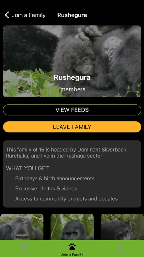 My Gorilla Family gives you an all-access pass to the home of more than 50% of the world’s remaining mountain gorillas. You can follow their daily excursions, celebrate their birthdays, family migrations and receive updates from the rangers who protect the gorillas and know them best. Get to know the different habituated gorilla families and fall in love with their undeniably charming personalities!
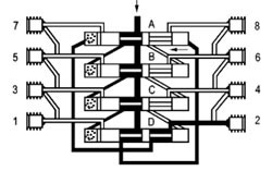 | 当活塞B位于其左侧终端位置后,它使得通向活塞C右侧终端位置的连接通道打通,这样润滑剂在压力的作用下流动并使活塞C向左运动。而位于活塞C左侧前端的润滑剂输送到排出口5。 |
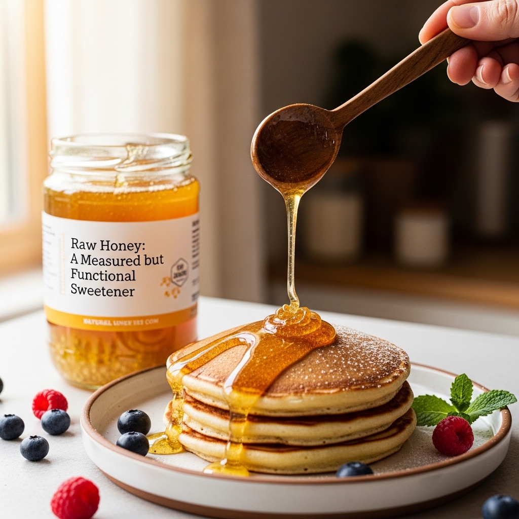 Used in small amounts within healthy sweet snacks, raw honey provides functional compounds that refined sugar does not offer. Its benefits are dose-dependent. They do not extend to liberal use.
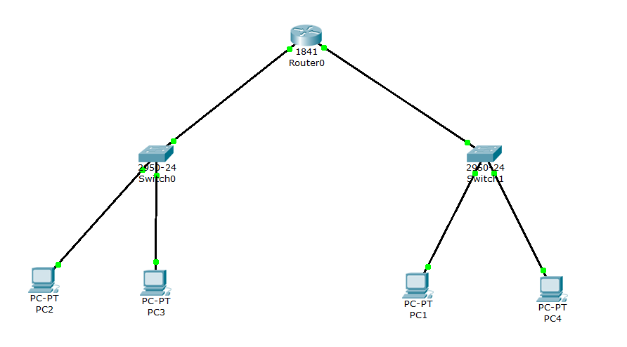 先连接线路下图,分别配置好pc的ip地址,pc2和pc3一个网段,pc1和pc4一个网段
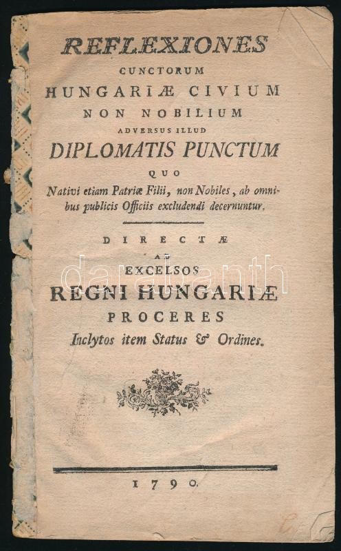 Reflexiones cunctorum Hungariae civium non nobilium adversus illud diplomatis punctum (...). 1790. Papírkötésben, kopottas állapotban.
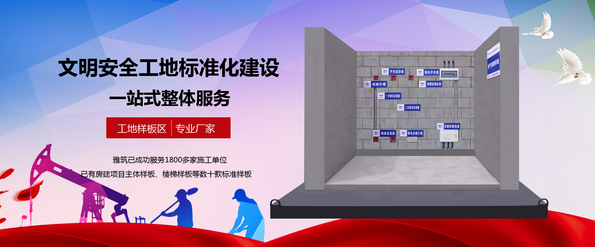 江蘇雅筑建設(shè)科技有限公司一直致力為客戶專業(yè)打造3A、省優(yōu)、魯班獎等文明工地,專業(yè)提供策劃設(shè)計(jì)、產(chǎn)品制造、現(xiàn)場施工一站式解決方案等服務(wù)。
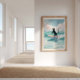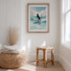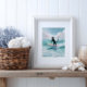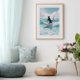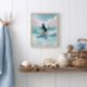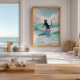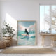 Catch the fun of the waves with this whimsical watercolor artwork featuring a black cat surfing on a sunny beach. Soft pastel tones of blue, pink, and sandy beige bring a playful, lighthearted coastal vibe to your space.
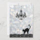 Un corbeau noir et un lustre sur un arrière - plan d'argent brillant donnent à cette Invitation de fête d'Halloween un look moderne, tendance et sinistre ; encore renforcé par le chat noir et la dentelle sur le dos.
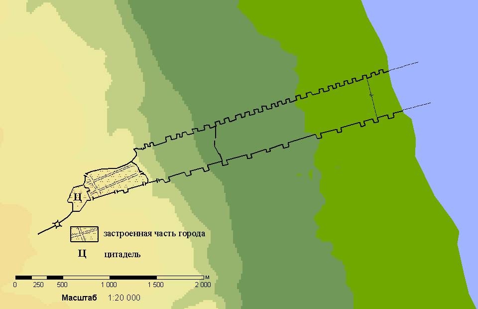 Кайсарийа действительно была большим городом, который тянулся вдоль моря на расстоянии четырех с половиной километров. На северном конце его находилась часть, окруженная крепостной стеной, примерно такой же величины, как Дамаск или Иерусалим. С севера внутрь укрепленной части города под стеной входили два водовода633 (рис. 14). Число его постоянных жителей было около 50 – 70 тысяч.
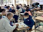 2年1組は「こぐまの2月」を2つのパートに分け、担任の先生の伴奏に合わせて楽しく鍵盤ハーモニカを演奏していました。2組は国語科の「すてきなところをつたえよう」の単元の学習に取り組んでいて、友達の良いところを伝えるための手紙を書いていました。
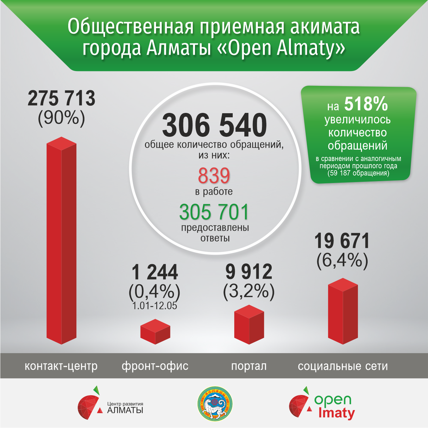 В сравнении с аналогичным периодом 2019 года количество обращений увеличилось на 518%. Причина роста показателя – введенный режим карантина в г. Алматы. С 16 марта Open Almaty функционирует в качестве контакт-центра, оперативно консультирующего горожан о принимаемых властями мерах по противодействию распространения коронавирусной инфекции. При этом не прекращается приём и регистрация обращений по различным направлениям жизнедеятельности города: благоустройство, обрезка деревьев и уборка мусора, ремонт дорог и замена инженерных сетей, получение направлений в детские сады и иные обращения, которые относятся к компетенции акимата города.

---

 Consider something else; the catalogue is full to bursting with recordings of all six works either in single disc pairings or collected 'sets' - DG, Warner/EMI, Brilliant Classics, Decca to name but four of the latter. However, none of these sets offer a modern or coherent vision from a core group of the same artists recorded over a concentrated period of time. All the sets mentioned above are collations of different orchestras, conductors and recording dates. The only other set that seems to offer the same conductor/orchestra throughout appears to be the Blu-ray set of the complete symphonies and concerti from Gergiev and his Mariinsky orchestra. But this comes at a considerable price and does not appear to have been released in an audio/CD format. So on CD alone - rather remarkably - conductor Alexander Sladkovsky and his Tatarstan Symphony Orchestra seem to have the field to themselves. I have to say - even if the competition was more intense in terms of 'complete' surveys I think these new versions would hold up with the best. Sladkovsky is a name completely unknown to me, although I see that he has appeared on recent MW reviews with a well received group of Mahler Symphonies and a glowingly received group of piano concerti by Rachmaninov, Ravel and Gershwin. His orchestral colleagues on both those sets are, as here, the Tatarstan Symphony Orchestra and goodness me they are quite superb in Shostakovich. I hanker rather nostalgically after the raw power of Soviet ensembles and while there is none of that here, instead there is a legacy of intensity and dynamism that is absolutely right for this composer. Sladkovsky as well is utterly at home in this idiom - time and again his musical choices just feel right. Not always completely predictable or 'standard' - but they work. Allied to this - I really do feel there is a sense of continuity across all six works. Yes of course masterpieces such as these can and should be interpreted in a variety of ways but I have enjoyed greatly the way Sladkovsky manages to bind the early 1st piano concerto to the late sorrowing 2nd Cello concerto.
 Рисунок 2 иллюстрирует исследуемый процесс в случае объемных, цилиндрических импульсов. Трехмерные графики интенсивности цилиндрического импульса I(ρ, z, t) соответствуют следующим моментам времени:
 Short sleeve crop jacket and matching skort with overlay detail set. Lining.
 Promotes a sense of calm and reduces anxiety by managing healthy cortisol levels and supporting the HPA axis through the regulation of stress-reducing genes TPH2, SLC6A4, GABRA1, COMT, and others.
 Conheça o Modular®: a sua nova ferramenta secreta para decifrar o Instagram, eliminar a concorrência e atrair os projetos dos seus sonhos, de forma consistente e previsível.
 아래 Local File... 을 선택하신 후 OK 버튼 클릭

[Problem to work on] Take the material above from the line bearing "Кайсарийа действительно была" through the line bearing "2年1組は「こぐまの2月」を" and write it out exactly, both end lines included. Pictures stay out.

[Exercise answer]
 Кайсарийа действительно была большим городом, который тянулся вдоль моря на расстоянии четырех с половиной километров. На северном конце его находилась часть, окруженная крепостной стеной, примерно такой же величины, как Дамаск или Иерусалим. С севера внутрь укрепленной части города под стеной входили два водовода633 (рис. 14). Число его постоянных жителей было около 50 – 70 тысяч.
 2年1組は「こぐまの2月」を2つのパートに分け、担任の先生の伴奏に合わせて楽しく鍵盤ハーモニカを演奏していました。2組は国語科の「すてきなところをつたえよう」の単元の学習に取り組んでいて、友達の良いところを伝えるための手紙を書いていました。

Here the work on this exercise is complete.